## Given material
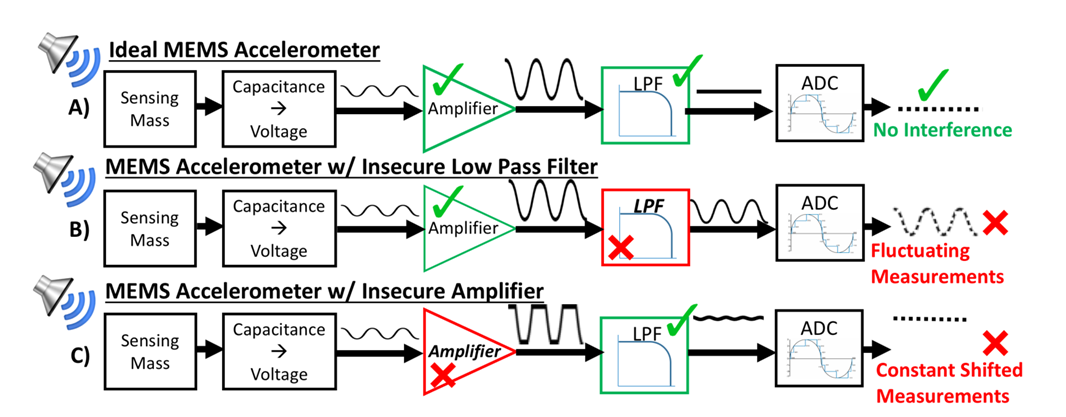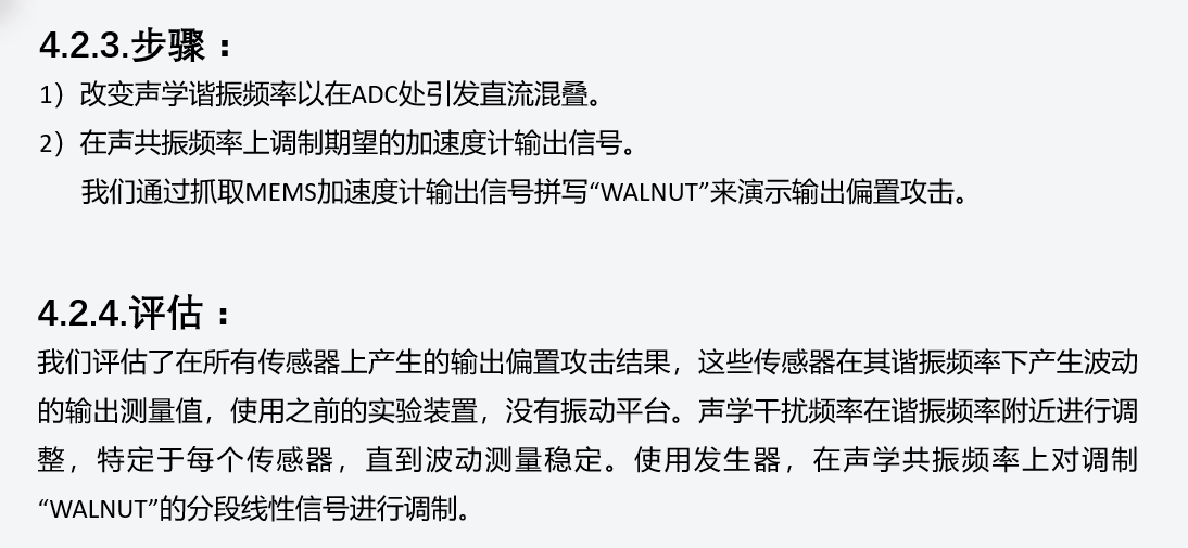 - 对MEMS加速度计和采用了这些传感器的系统进行声学注入攻击,并通过对攻击结果的测量来扫描硬件级安全漏洞。
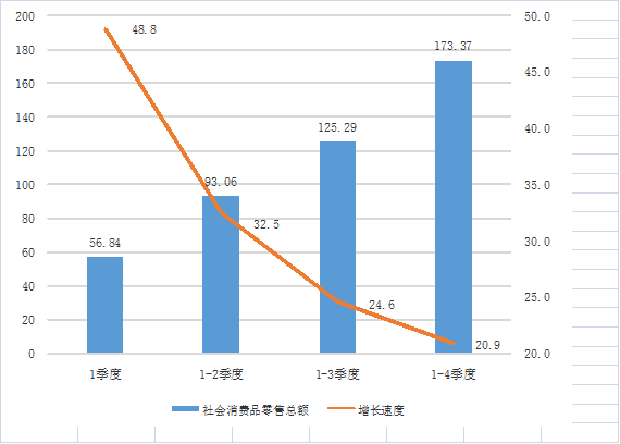 2021年,全區(qū)實現(xiàn)社會消費品零售總額173.37億元,增長20.9%。分銷售地域看,城鎮(zhèn)實現(xiàn)零售額141.56億元,增長22.1%;鄉(xiāng)村實現(xiàn)零售額31.81億元,增長15.6%。
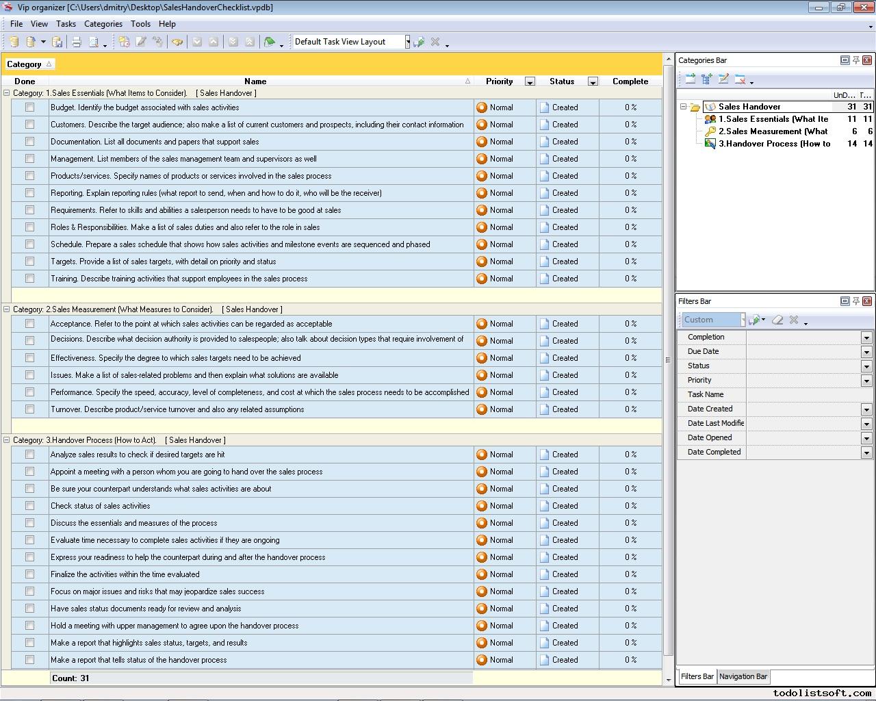 The following 30-60-90 Day Sales Plan Checklist is designed for people who have been just appointed to the role of sales representative. The checklist explains what tasks a new sales rep needs to do during 30, 60 and 90 days of the assignment. It is best used with VIP Organizer software.
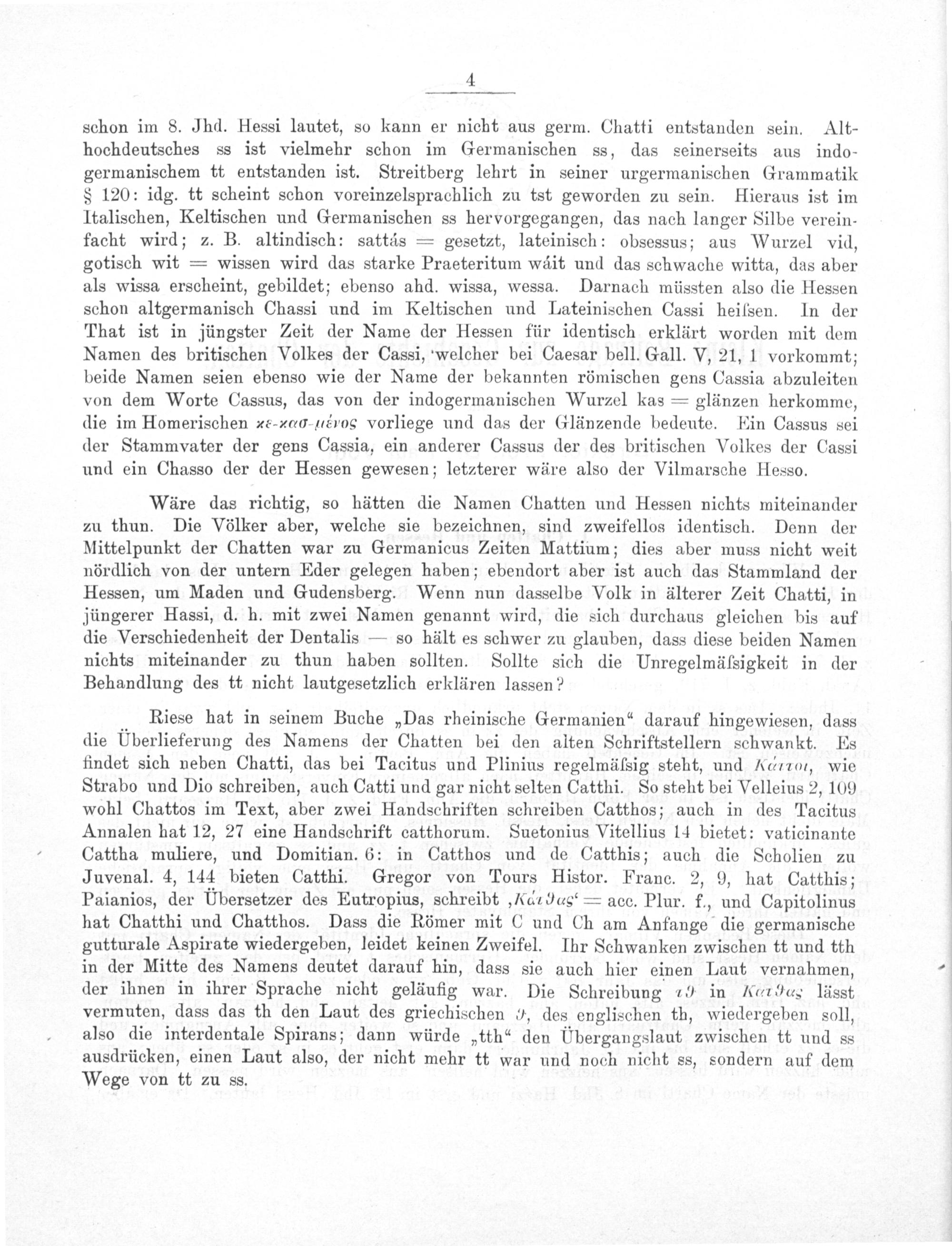 Riese hat in seinem Buche„Das rheinische Germanien“ darauf hingewiesen, dass die Überlieferung des Namens der Chatten bei den alten Schriftstellern schwankt. Es findet sich neben Chatti, das bei Tacitus und Plinius regelmälſsig steht, und Xęrτ, wie Strabo und Dio schreiben, auch Catti und gar nicht selten Catthi. So steht bei Velleius 2, 109 wohl Chattos im Text, aber zwei Handschriften schreiben Catthos; auch in des Tacitus Annalen hat 12, 27 eine Handschrift catthorum. Suetonius Vitellius 14 bietet: vaticinante Cattha muliere, und Domitian. 6: in Catthos und de Catthis; auch die Scholien zu Juvenal. 4, 144 bieten Catthi. Gregor von Tours Histor. Franc. 2, 9, hat Catthis; Paianios, der Übersetzer des Eutropius, schreibt ,X6νσςεέ acc. Plur. f., und Capitolinus hat Chatthi und Chatthos. Dass die Römer mit C und Ch am Anfange die germanische gutturale Aspirate wiedergeben, leidet keinen Zweifel. Ihr Schwanken zwischen tt und tth in der Mitte des Namens deutet darauf hin, dass sie auch hier einen Laut vernahmen, der ihnen in ihrer Sprache nicht geläufig war. Die Schreibung 19 in Karϑασς lässt vermuten, dass das th den Laut des griechischen 9, des englischen th, wiedergeben soll, also die interdentale Spirans; dann würde„tth“ den bergangslaut zwischen tt und ss ausdrücken, einen Laut also, der nicht mehr tt war und noch nicht ss, sondern auf dem Wege von tt zu ss.

## Exercise prompt
Print the full listing above exactly. Pictures stay out of the copy.

## Response below
 - 对MEMS加速度计和采用了这些传感器的系统进行声学注入攻击,并通过对攻击结果的测量来扫描硬件级安全漏洞。
 2021年,全區(qū)實現(xiàn)社會消費品零售總額173.37億元,增長20.9%。分銷售地域看,城鎮(zhèn)實現(xiàn)零售額141.56億元,增長22.1%;鄉(xiāng)村實現(xiàn)零售額31.81億元,增長15.6%。
 The following 30-60-90 Day Sales Plan Checklist is designed for people who have been just appointed to the role of sales representative. The checklist explains what tasks a new sales rep needs to do during 30, 60 and 90 days of the assignment. It is best used with VIP Organizer software.
 Riese hat in seinem Buche„Das rheinische Germanien“ darauf hingewiesen, dass die Überlieferung des Namens der Chatten bei den alten Schriftstellern schwankt. Es findet sich neben Chatti, das bei Tacitus und Plinius regelmälſsig steht, und Xęrτ, wie Strabo und Dio schreiben, auch Catti und gar nicht selten Catthi. So steht bei Velleius 2, 109 wohl Chattos im Text, aber zwei Handschriften schreiben Catthos; auch in des Tacitus Annalen hat 12, 27 eine Handschrift catthorum. Suetonius Vitellius 14 bietet: vaticinante Cattha muliere, und Domitian. 6: in Catthos und de Catthis; auch die Scholien zu Juvenal. 4, 144 bieten Catthi. Gregor von Tours Histor. Franc. 2, 9, hat Catthis; Paianios, der Übersetzer des Eutropius, schreibt ,X6νσςεέ acc. Plur. f., und Capitolinus hat Chatthi und Chatthos. Dass die Römer mit C und Ch am Anfange die germanische gutturale Aspirate wiedergeben, leidet keinen Zweifel. Ihr Schwanken zwischen tt und tth in der Mitte des Namens deutet darauf hin, dass sie auch hier einen Laut vernahmen, der ihnen in ihrer Sprache nicht geläufig war. Die Schreibung 19 in Karϑασς lässt vermuten, dass das th den Laut des griechischen 9, des englischen th, wiedergeben soll, also die interdentale Spirans; dann würde„tth“ den bergangslaut zwischen tt und ss ausdrücken, einen Laut also, der nicht mehr tt war und noch nicht ss, sondern auf dem Wege von tt zu ss.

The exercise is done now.